If you have high ceilings, the Lodgepole pine may be the tree for you, as it looks its best in a big, tall and open space. With the best needle retention of all the varieties, Lodgepole pines are perfect for those who like to decorate their tree and little earlier and don’t want Christmas to end. The branches point upwards, giving an extra elegance to the overall shape.


The great Christmas tree debate: Real vs fake – which is better?

Artificial Christmas Tree
Real or artificial? The great Christmas tree debate./Credit: Getty.

There’s nothing quite like the smell and feel of a real Christmas tree, but often it’s more effort and seems rather wasteful when Christmas is over compared to the re-usable artificial ones. So why bother buying real?

Real trees use ten times fewer materials and five times less energy compared to artificial trees – and they are totally biodegradable. The Forestry Commission ensures it only sells trees that are UK grown and that more trees are planted each year than harvested.

Find a Forestry Commission Christmas tree site here.

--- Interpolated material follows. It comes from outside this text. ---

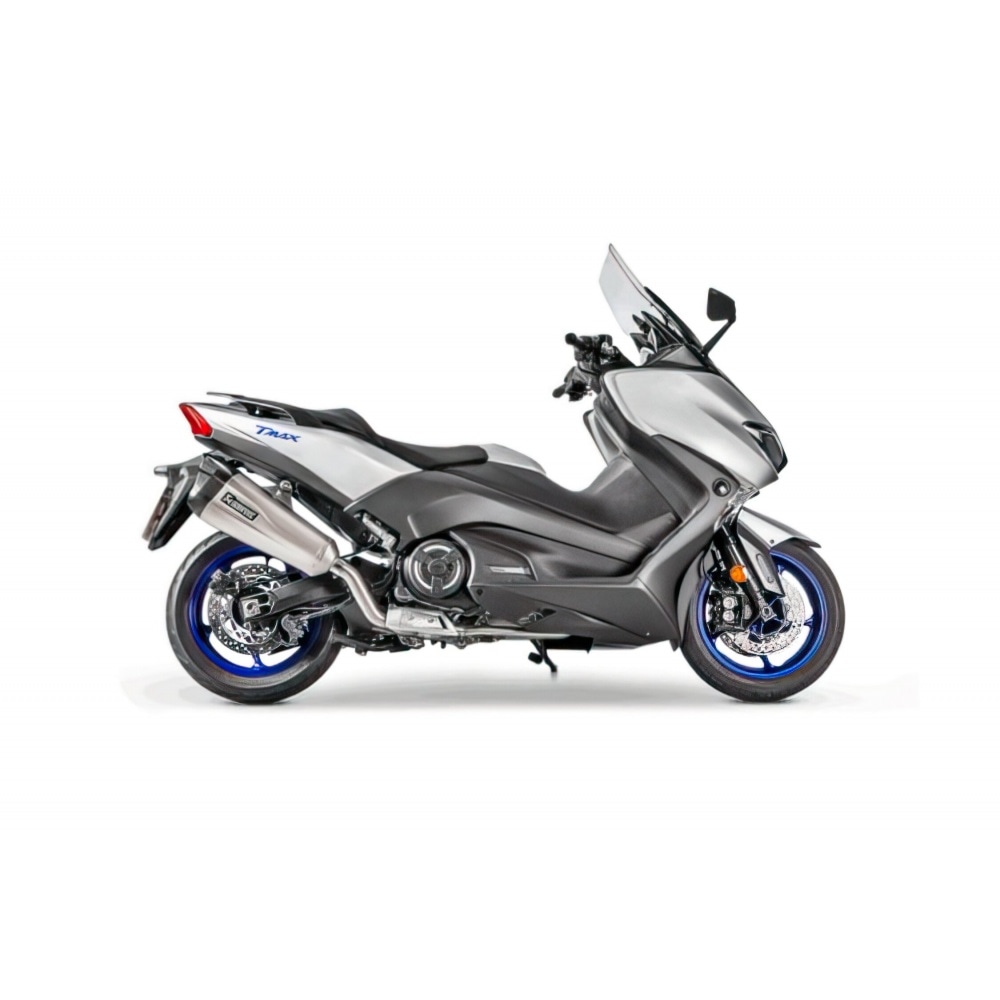 The Racing Line Titanium exhaust system is the perfect match for the sporty lines of Yamaha T-Max 530cc maxi scooters. Akrapovic is enhancing on the sleek and powerful lines of T-Max and takes it to the next level. The silencer has a unique, very modern shape; the titanium finish plus Akrapovic logo running the entire lenght of the silencer and the hand-made carbon fibre end cap result in a stunning but classy looking exhaust.

UK locations to choose and cut your own Christmas tree

Christmas tree
Why not choose and chop your own tree this festive season?/Credit: Getty Images

Why not have the great satisfaction of selecting and chopping down your own Christmas tree at a specialist farm? Search for ‘Christmas tree farm near me’ to find your nearest – here are a few of our favourites:

Salem Christmas Tree Farm, Llandeilo

Turn choosing a Christmas tree into a festive day out in this 27-acre Welsh smallholding, which also offers stunning woodland walks, a Christmas shop and the chance for children to meet Father Christmas.

If you don’t fancy chopping your own tree, freshly cut trees are also on offer. This festive farm is open for business until dusk on Christmas Eve.

Friezeland Farm, Warwickshire

Choose from more than 30,000 tree varieties including,  tradition spruce trees, non-drop trees, blue spruce and pot grown trees at this large woodland estate in Warwickshire. You can pick and chop your own tree or opt to have it potted so you can plant in your garden after the festive season.

Leaton Knolls Estate, Shropshire

Leaton Knolls has a great variety of trees that have established it as Shropshire’s leading Christmas tree retailer for the past 30 years. With a range of pre-cut trees also available, those feeling adventurous can wander among the trees of the plantation and cut down the tree they want for their home.

Canalside Christmas Trees, Wiltshire

This small village Christmas Tree farm sits alongside the Kennet and Avon Canal in the picturesque village of Wootton Rivers, and offers a varied selection of Nordmann Fir and Norway Spruce trees. Customers can walk around the site, choose a tree and enjoy a mulled wine and mince pie while they wait.


Environmentally friendly Christmas tree options

Environmentally friendly Christmas tree options
Rent a tree or buy potted and reuse to help cut down on waste this Christmas./Credit: Getty.

It is estimated that more than seven million Christmas trees will become household waste each year. While many councils will turn old Christmas trees into green waste – shredding them and turning into compost, this process still generates 160,000 tonnes of waste each year, according to the Carbon Trust.

Alternatively, why not rent a tree or buy a potted tree which you can use each year? You’ll be able to return the tree to the supplier after the main event, where it will continue to be cared for and grown, sequestering carbon and providing a home for wildlife, for the rest of the year. Check out the following UK suppliers for more information:

Love a Christmas tree, Lincolnshire and surrounds

Festive Tree Hire, Reading & Berkshire

Cotswold Fir, Gloucester, Cheltenham & Stroud

Methley Estate, Huddersfield


Make your Christmas tree ornaments

Make spiced Christmas tree biscuits to hang from your tree with this easy recipe

Spiced Christmas Tree biscuits (Photo by: Maciej Nicgorski / EyeEm via Getty Images)
Spiced Christmas Tree biscuits (Photo by: Maciej Nicgorski / EyeEm via Getty Images)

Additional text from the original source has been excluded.